Gene bu topraklarda yüzünü modernizmin, Batı’nın büyülü dünyasına çevirenler de Batı’yı olumlarlarken, gün gelip İslâm ve Müslümanlar iyice zayıflayınca kendileri de aynı düzlemde yer bulacaklar. Vahşi Batı ve onların taşeronu Siyonizm en son kalıntısına kadar Müslüman görünenlere de tahammülü olmayacak.

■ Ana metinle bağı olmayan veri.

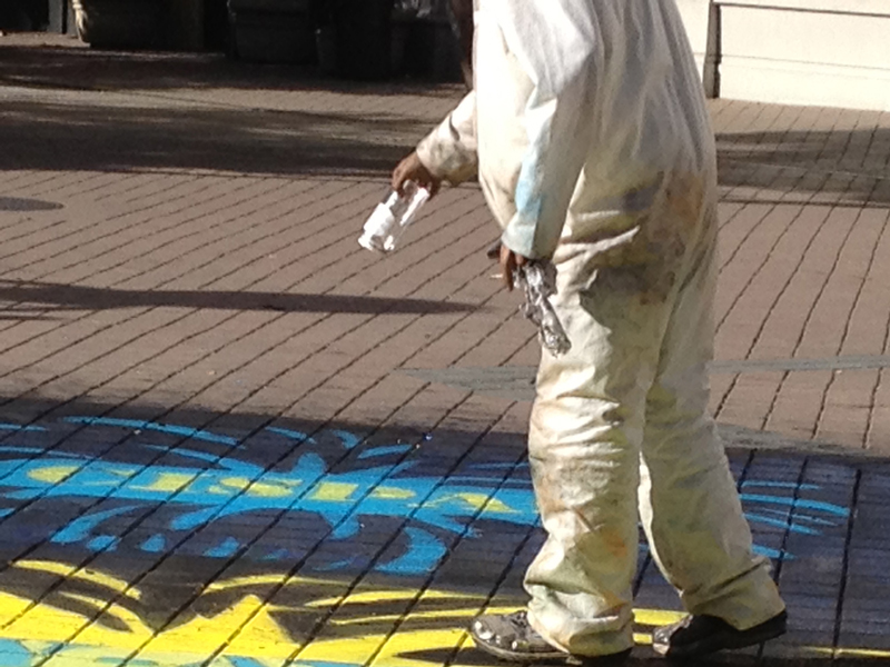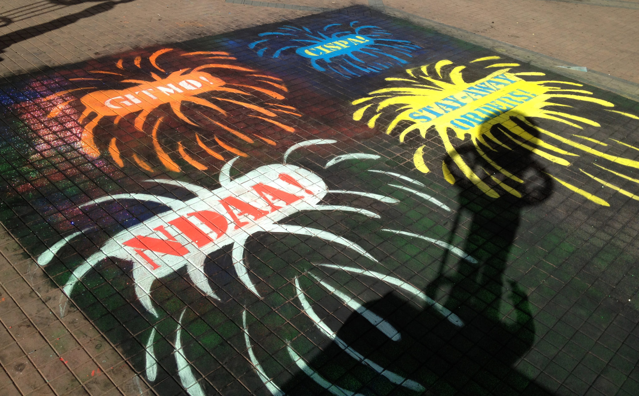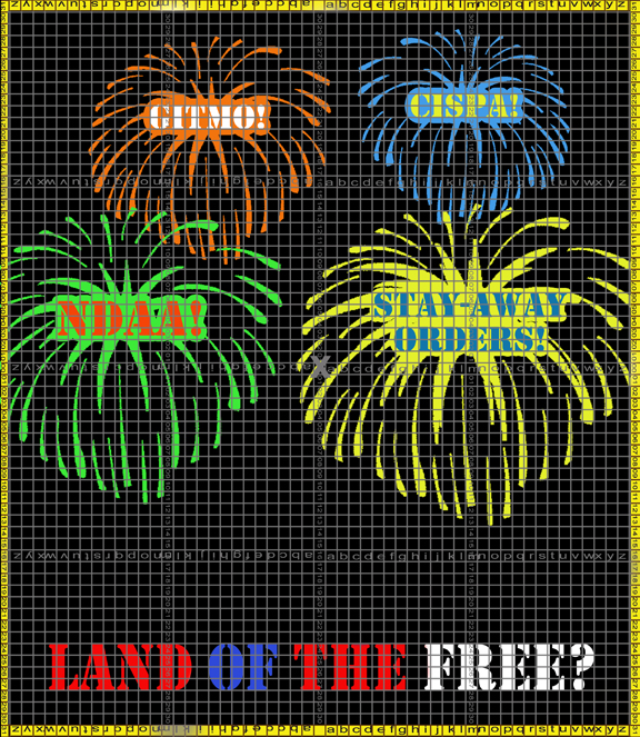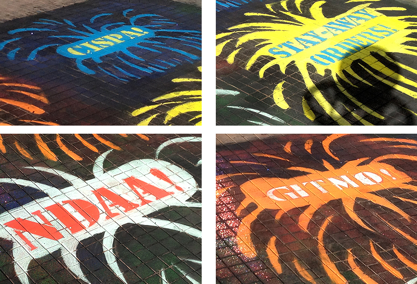 This independence day we decided to lament lost freedoms. I designed fireworks with the words: Gitmo, NDAA, CISPA and Stay-Away Orders in the center of the fireworks that begged the tag-line question “Land of the Free?” I had to practice various styles of fireworks before I found one that I thought would work in chalk. It was really easy, when blending the colors with the black, to create an ugly grey mud. The failed, first experiments adorned my driveway until the winter rains washed them away. Testing things has saved me many a bad experience in the field.

Batı’da, kimi toplulukların, özellikle İspanya ve Güney Amerika topluluklarının, bu vahşete karşı çıkışları anlamlıdır. Özellikle İspanya gene kendi topraklarının bir simgesi olan Donkişot (Don Quijote) gibi hayali gibi görünen değil gerçek yel değirmenlerine karşı silahını kuşanmış bulunuyor. Çıkışı her yönüyle değerli. Bir yandan İsrail ile bütün ilişkilerini keserken, insanlığı ayaklanmaya, onlara karşı tavır almaya çağırıyor. Bununla yetinmiyor spor karşılaşmalarındaki bütün organizasyonlarda dışlanmasını istiyor. Son NATO başkanları toplantısında, diğerlerinden ayrı durmak için kenara çekildi. Tek başına orada soylu bir duruşla. Onların bu duruşunu bulunduğu topraklarında Müslümanların adaletle sekiz yüz yıla yakın var olmalarına bağlıyorum. İspanyol yazar Juhan Goytisolo: “Biz Avrupa kültürüne değil Arap kültürüne dâhiliz” demişti. Bundaki haklılığı bugün kendini gösteriyor.

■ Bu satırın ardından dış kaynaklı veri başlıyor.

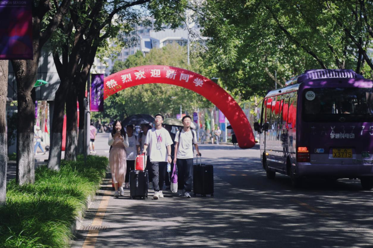 火车站外默默等候的接站志愿者、热情帮助报到手续办理与生活物资采买的老师同学、校门口直达迎新点的摆渡车与行李搬运车、饱含毕业生祝福的爱心自行车、宿舍门外便捷的生活用品临时售卖点……体贴入微的迎新安排,无一不在向新生诉说着欢迎与期盼。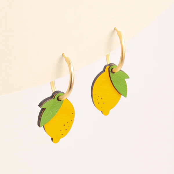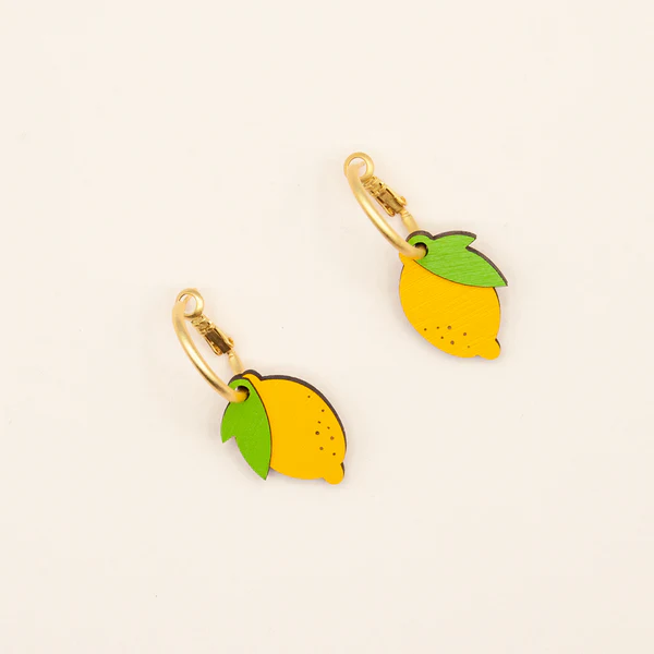 Pendientes de aro con dos limones y hojas para un look afrutado, ácido y atrevido. Cada dije está pintado en amarillo brillante y verde suave.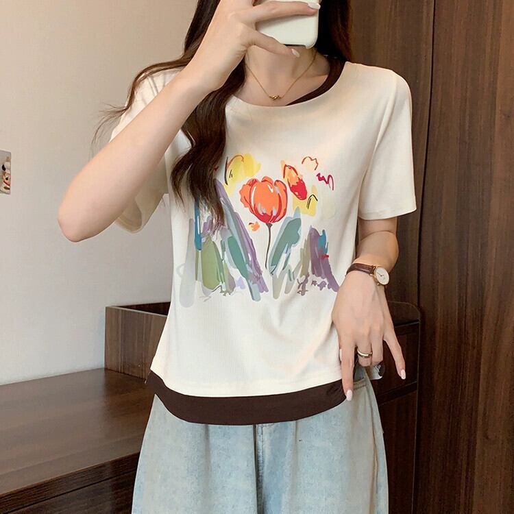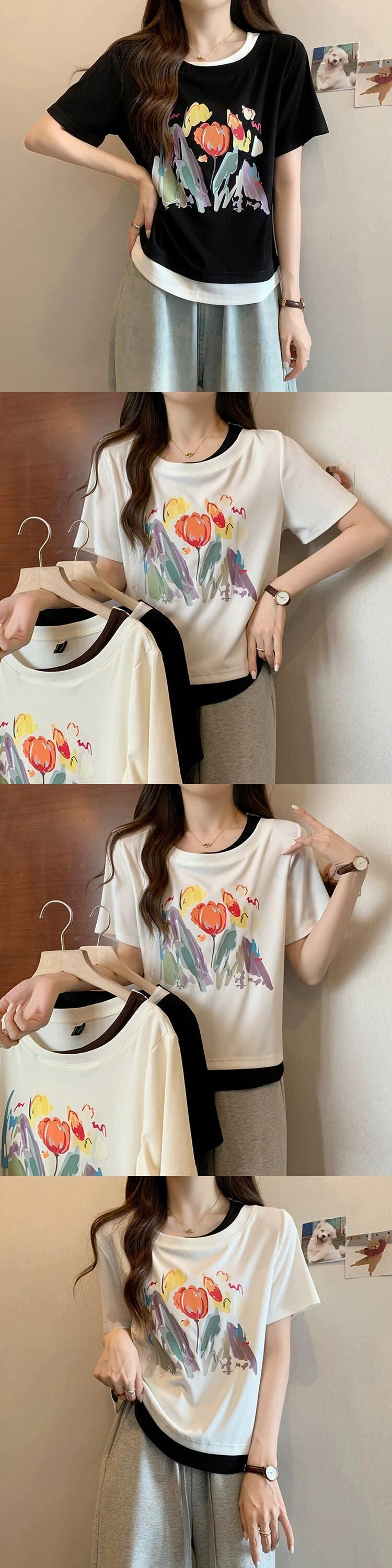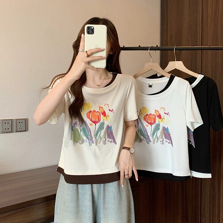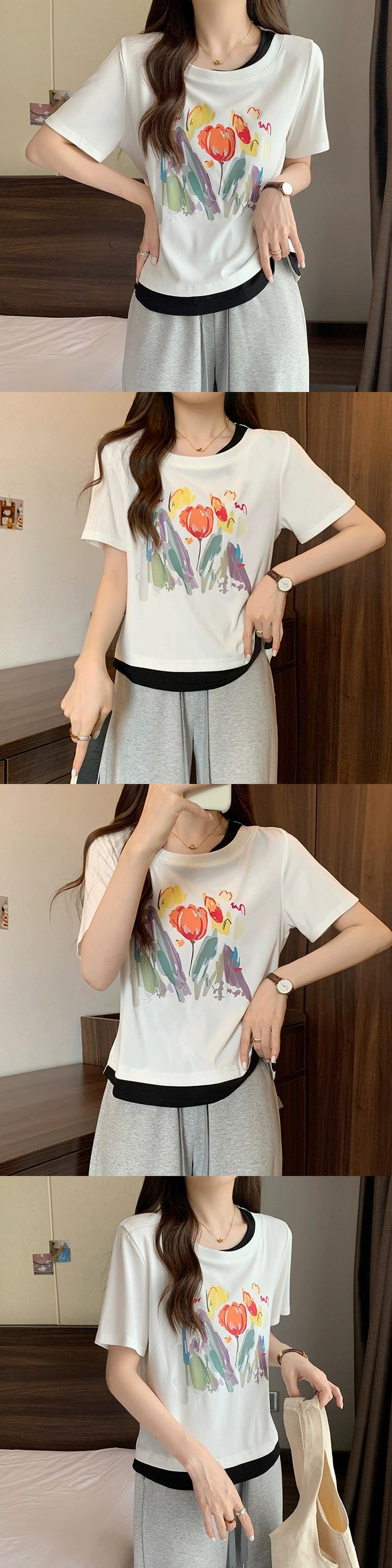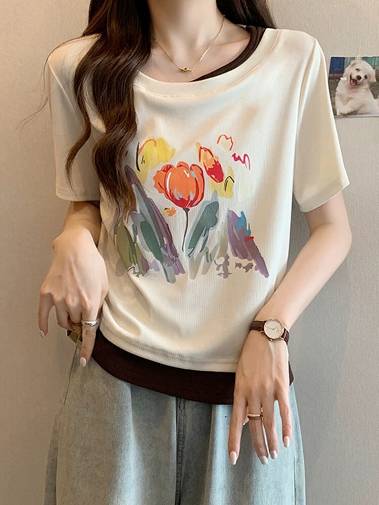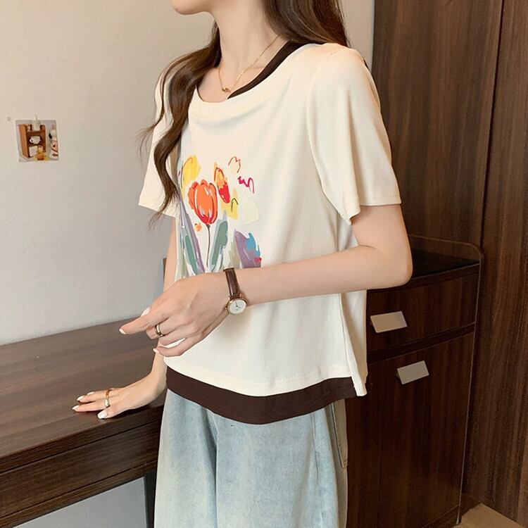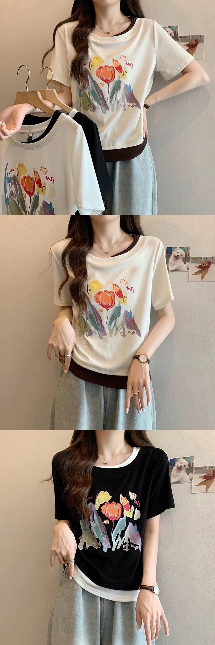 フェイクツーピースラウンドネック半袖Tシャツレディース2023年夏新作アメリカンデザインセンスルーズで万能なフロントショルダープリントトップス サマー 夏物 Oネック 7460091131004104 | framboise21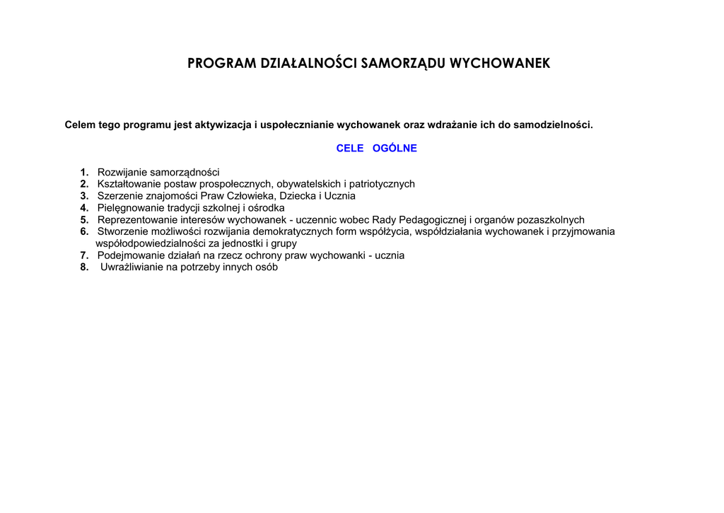 PROGRAM DZIAŁALNOŚCI SAMORZĄDU WYCHOWANEK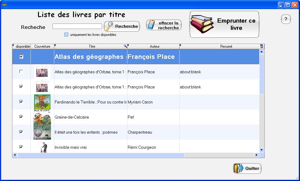 Les couvertures sont maintenant stockées à l'extérieur des fichiers de données. Cela permet d'augmenter la rapidité d'exécution du logiciel sur des postes anciens Ajout d'un accès à la fonction "rendre par lot" sur la page d'accueil. Utilisation en simultanné des fenêtres "rendre par lot" et "emprunt" pour permettre un gain de temps pour passer d'une fonction à une autre. Correction d'un bug dans les listes d'impression Améioration de la fonction rendre par lot |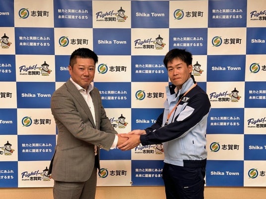 右 石川県志賀町長 稲岡 健太郎氏 左 フジパン株式会社 西春工場長 山下 洋文

Asıl sorunumuz Müslümanlar, Müslümanların kişiliksizlikleri yaranma adına her türlü kılığa bürünmeleridir. Halkların da bu yöne doğru evrilmeleri nedensiz değil. Öncülere olan aşırı bağlılık tapınma duygusunda güce karşı koyamama duygusu onları duygusuz hale getiriyor. İspanya ve kimi Avrupa ülkelerinde stadyumlarda toplu karşı çıkışlar rastlantılar sonucu değil genlerinde var olan soylu bir damarın atışındandır.

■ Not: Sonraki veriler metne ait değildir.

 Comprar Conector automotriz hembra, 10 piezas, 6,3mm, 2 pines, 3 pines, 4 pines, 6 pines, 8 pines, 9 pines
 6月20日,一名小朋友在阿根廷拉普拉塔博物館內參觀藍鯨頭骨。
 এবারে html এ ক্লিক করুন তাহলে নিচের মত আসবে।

Elbette derdimiz öncelikle Müslümanlar, onların kayıtsızlıkları ve hatta korkaklıkları ve içlerine sinişleridir. Değerli olan kavramlar, isimler kimi çıkarlar adına boşa çıkarıldı, içi boşaltıldı.

Müslümanlığın değerli kesimleri diye bilinen ehl-i sünnet bu sıradan çıkarlara kurban edildi. Müslümanların birlik olabileceği alanlar daraltıldı, Siyonizm’e dolaylı katkı ve destek sağladı. Sessiz kalarak ya da kabuğuna çekilerek, suya sabuna dokunmadan.

Soylu, karakterli kişilikli olanlar ise aynanın parlak yüzünde saygı ile anılacaklar.

Selam o soylu direniş ile vahşete karşı duranlara. Selam, alnı ak olanlara.